### WORK TO COMPLETE
Every line from the one with "आइएमडी पटना के" up to and including the one with "Leder for Studentersamfundet" is to be output exactly as it appears below; pictures are not.

### INFORMATION PROVIDED
=== Section Start ===
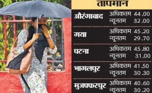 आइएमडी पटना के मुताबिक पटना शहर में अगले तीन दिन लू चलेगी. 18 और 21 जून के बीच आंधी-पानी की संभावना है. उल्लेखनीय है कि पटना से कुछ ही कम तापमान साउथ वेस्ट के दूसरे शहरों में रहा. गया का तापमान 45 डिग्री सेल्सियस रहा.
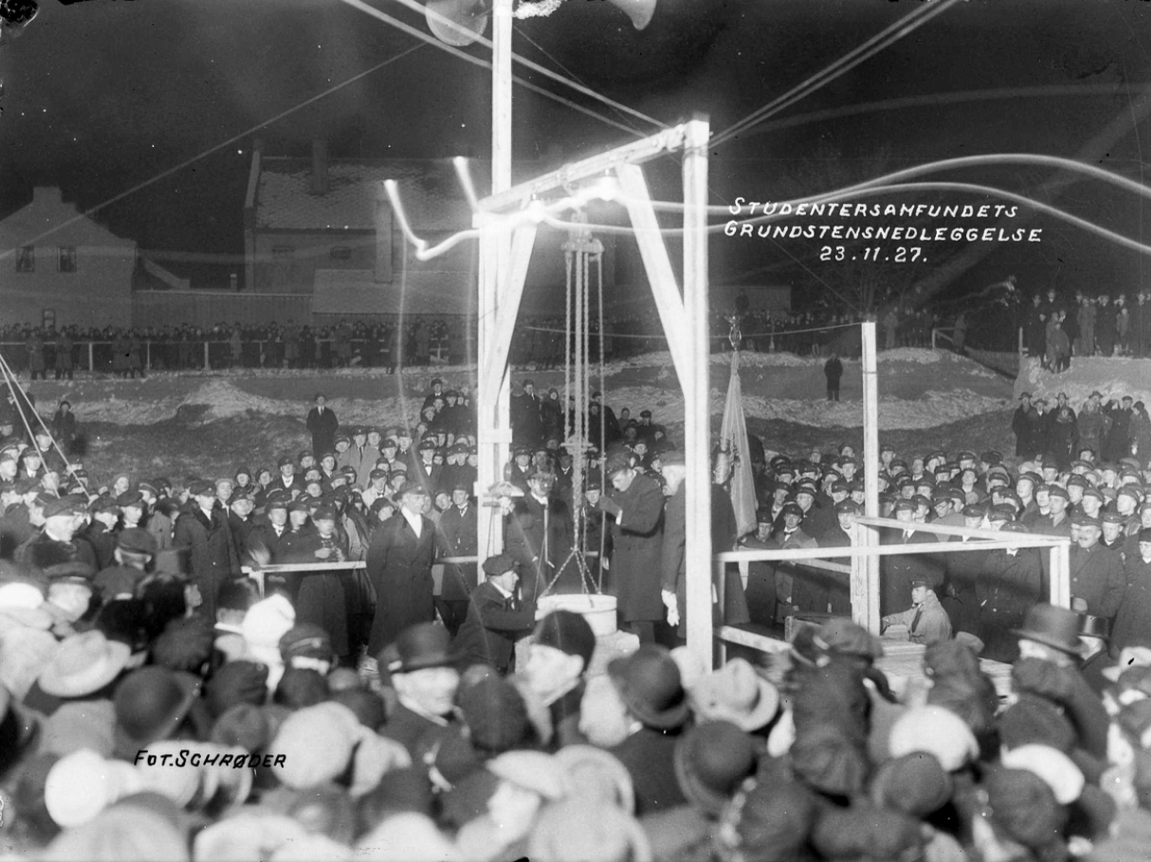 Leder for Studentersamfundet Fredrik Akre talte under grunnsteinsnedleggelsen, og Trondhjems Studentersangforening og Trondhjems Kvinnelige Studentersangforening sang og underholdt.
=== Section End ===
=== Section Start ===
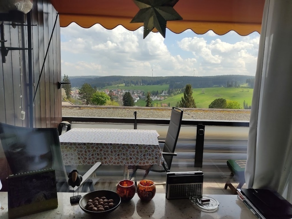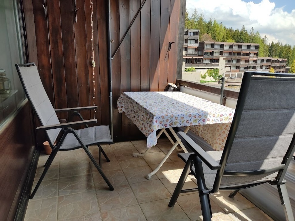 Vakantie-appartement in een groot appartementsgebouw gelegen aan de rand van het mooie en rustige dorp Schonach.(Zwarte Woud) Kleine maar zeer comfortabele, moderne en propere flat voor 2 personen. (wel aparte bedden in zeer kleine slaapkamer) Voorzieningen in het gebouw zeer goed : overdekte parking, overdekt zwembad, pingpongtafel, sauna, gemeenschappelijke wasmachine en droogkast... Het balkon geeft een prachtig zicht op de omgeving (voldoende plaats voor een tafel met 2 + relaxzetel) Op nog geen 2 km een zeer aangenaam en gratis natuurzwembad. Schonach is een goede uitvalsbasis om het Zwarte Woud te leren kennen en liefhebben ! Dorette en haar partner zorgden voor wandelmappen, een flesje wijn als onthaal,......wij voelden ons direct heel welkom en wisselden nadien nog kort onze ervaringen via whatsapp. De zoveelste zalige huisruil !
=== Section End ===
### TASK RESPONSE
 आइएमडी पटना के मुताबिक पटना शहर में अगले तीन दिन लू चलेगी. 18 और 21 जून के बीच आंधी-पानी की संभावना है. उल्लेखनीय है कि पटना से कुछ ही कम तापमान साउथ वेस्ट के दूसरे शहरों में रहा. गया का तापमान 45 डिग्री सेल्सियस रहा.
 Leder for Studentersamfundet Fredrik Akre talte under grunnsteinsnedleggelsen, og Trondhjems Studentersangforening og Trondhjems Kvinnelige Studentersangforening sang og underholdt.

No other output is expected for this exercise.